Restate every record exactly as it is written, while omitting the pictures it holds.

(Listed records)

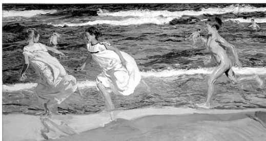
CORRENT PER LA PLAJA, DE JOAQUIM SOROLLA

Dos chiquets, que son els capitans, armats d'un mocador, una correja o un palet, procuraran anar captant el major numero possible de jugadors.
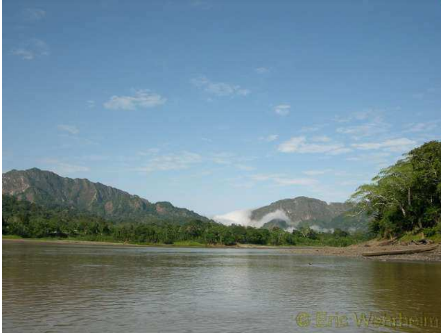
Rurrenabaque - das Tor zum Amazonas

aber, um nicht noch ein tieferes Loch in unser Budget zu reisen, dann doch mit dem Bus angetreten. Man glaubt gar nicht wie staubig so ein subtropisch feuchtes Gebiet sein kann. Zuerst hatten wir von Guayaramerim nach nur 5 Stunden Busfahrt einen Zwischenstopp in Riberalta eingelegt, doch am darauf folgenden Tag saßen wir bereits wieder über 16 Stunden im Bus, bis wir in Rurrenabaque ankamen. Wirklich, soviel Staub haben wir beide bestimmt zuvor in unserem ganzen Leben noch nicht geschluckt. Da weiß man doch was man an asphaltierten Strassen hat.
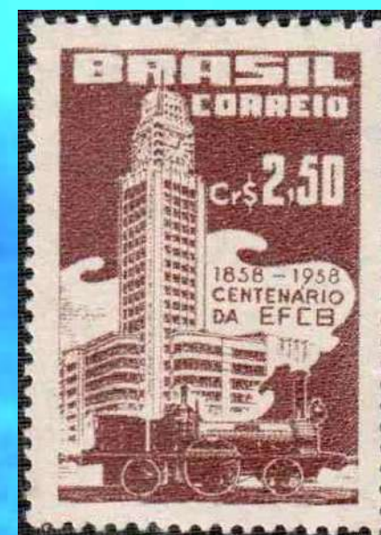
RHM C-403 - Centenário da Estrada de Ferro Central do Brasil
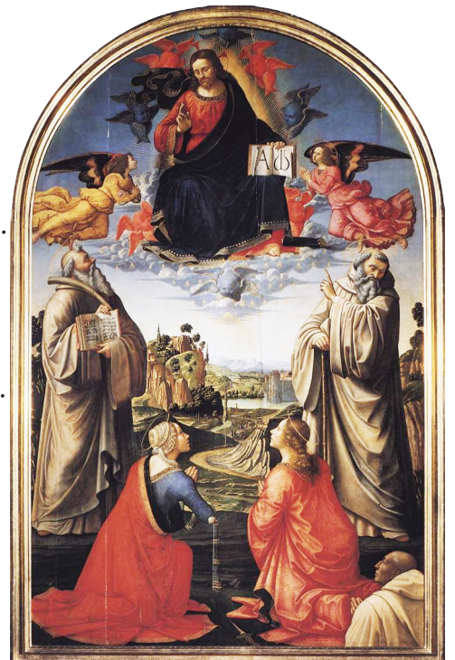
Christ in Heaven with Four Saints and a Donor by Domenico Ghirlandaio
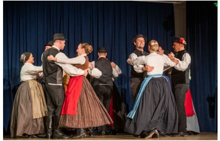
Plesni pari so se vrteli na koncertu Midva.
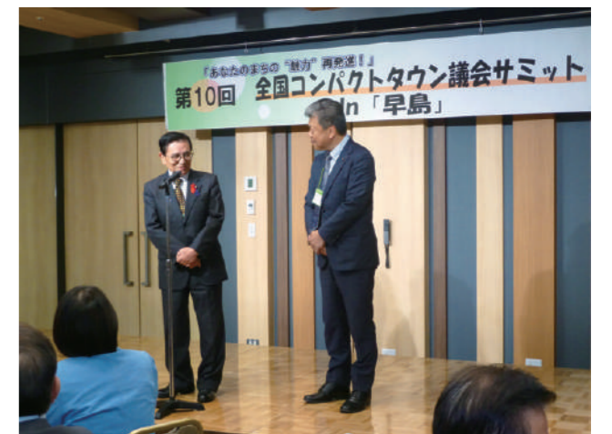
ホテルグラン・ココエ倉敷での一幕

コンパクトタウン議会サミットとは、自治体面積20km 2 以下の町を対象に、合併をしないで自立を選択した各町の議員が集まり、コンパクトな町ならではの課題や政策を持ち寄り、議論や交流を通じ、その違いや共通点を発見することで各町のまちづくりのヒントを見つける場です。来賓に岡山県知事をはじめ近隣の首長を迎え、盛大に行われました。
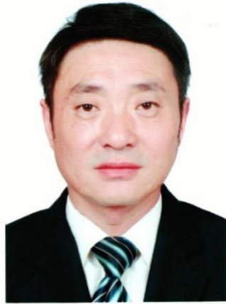
合肥学院能源材料与化工学院院长
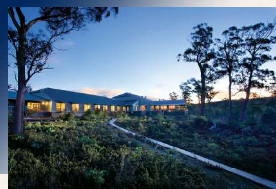
Cradle Mountain Hotel 4*
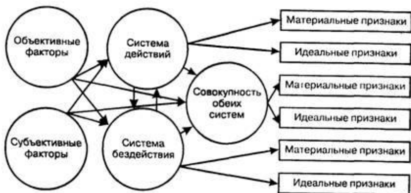
Рис. 1. Схема системного понимания способа совершения преступления.

Под способом совершения преступления в криминалистическом смысле целесообразно понимать объективно и субъективно обусловленную систему поведения субъекта до, в момент и после совершения преступления, оставляющую различного рода характерные следы вовне, позволяющие с помощью криминалистических приемов и средств получить представление о сути происшедшего, своеобразии преступного поведения правонарушителя, его отдельных личностных данных и соответственно определить наиболее оптимальные методы решения задач раскрытия преступления (рис. 1).
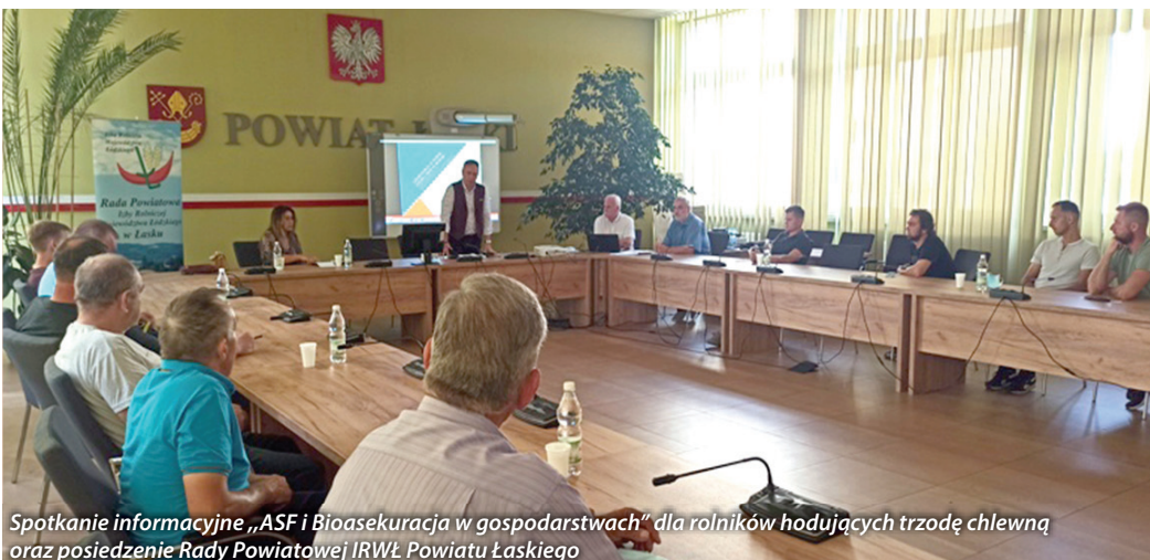
Spotkanie informacyjne „ASF i Bioasekuracja w gospodarstwach” dla rolników hodujących trzodę chlewną oraz posiedzenie Rady Powiatowej IRWŁ Powiatu Łaskiego

Wszystkie działania, interwencje podejmowane przez Zarząd Izby Rolniczej Województwa Łódzkiego oraz odpowiedzi na wnioski zgłoszone przez IRWŁ oraz informacje na temat sytuacji w rolnictwie są dostępne na stronie internetowej IRWŁ www.izbarolnicza.lodz.pl
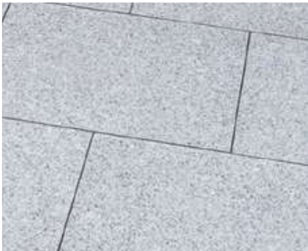
40.225 Bodenplatte Granit hellgrau China geflammt
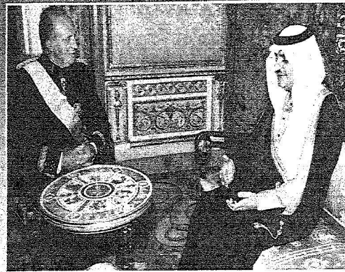
الأمير سعود، بن نايف بن عبد العزيز سابق خادم الحرمين الشريفين لدى مملكة اسبانيا لدى استقبال الملك خوان كارلوس لسومه في وقت سابق صورة أرشيفية خاصة بالرياض

(End Listed records)

● Exercise response:
CORRENT PER LA PLAJA, DE JOAQUIM SOROLLA

Dos chiquets, que son els capitans, armats d'un mocador, una correja o un palet, procuraran anar captant el major numero possible de jugadors.
Rurrenabaque - das Tor zum Amazonas

aber, um nicht noch ein tieferes Loch in unser Budget zu reisen, dann doch mit dem Bus angetreten. Man glaubt gar nicht wie staubig so ein subtropisch feuchtes Gebiet sein kann. Zuerst hatten wir von Guayaramerim nach nur 5 Stunden Busfahrt einen Zwischenstopp in Riberalta eingelegt, doch am darauf folgenden Tag saßen wir bereits wieder über 16 Stunden im Bus, bis wir in Rurrenabaque ankamen. Wirklich, soviel Staub haben wir beide bestimmt zuvor in unserem ganzen Leben noch nicht geschluckt. Da weiß man doch was man an asphaltierten Strassen hat.
RHM C-403 - Centenário da Estrada de Ferro Central do Brasil
Christ in Heaven with Four Saints and a Donor by Domenico Ghirlandaio
Plesni pari so se vrteli na koncertu Midva.
ホテルグラン・ココエ倉敷での一幕

コンパクトタウン議会サミットとは、自治体面積20km 2 以下の町を対象に、合併をしないで自立を選択した各町の議員が集まり、コンパクトな町ならではの課題や政策を持ち寄り、議論や交流を通じ、その違いや共通点を発見することで各町のまちづくりのヒントを見つける場です。来賓に岡山県知事をはじめ近隣の首長を迎え、盛大に行われました。
合肥学院能源材料与化工学院院长
Cradle Mountain Hotel 4*
Рис. 1. Схема системного понимания способа совершения преступления.

Под способом совершения преступления в криминалистическом смысле целесообразно понимать объективно и субъективно обусловленную систему поведения субъекта до, в момент и после совершения преступления, оставляющую различного рода характерные следы вовне, позволяющие с помощью криминалистических приемов и средств получить представление о сути происшедшего, своеобразии преступного поведения правонарушителя, его отдельных личностных данных и соответственно определить наиболее оптимальные методы решения задач раскрытия преступления (рис. 1).
Spotkanie informacyjne „ASF i Bioasekuracja w gospodarstwach” dla rolników hodujących trzodę chlewną oraz posiedzenie Rady Powiatowej IRWŁ Powiatu Łaskiego

Wszystkie działania, interwencje podejmowane przez Zarząd Izby Rolniczej Województwa Łódzkiego oraz odpowiedzi na wnioski zgłoszone przez IRWŁ oraz informacje na temat sytuacji w rolnictwie są dostępne na stronie internetowej IRWŁ www.izbarolnicza.lodz.pl
40.225 Bodenplatte Granit hellgrau China geflammt
الأمير سعود، بن نايف بن عبد العزيز سابق خادم الحرمين الشريفين لدى مملكة اسبانيا لدى استقبال الملك خوان كارلوس لسومه في وقت سابق صورة أرشيفية خاصة بالرياض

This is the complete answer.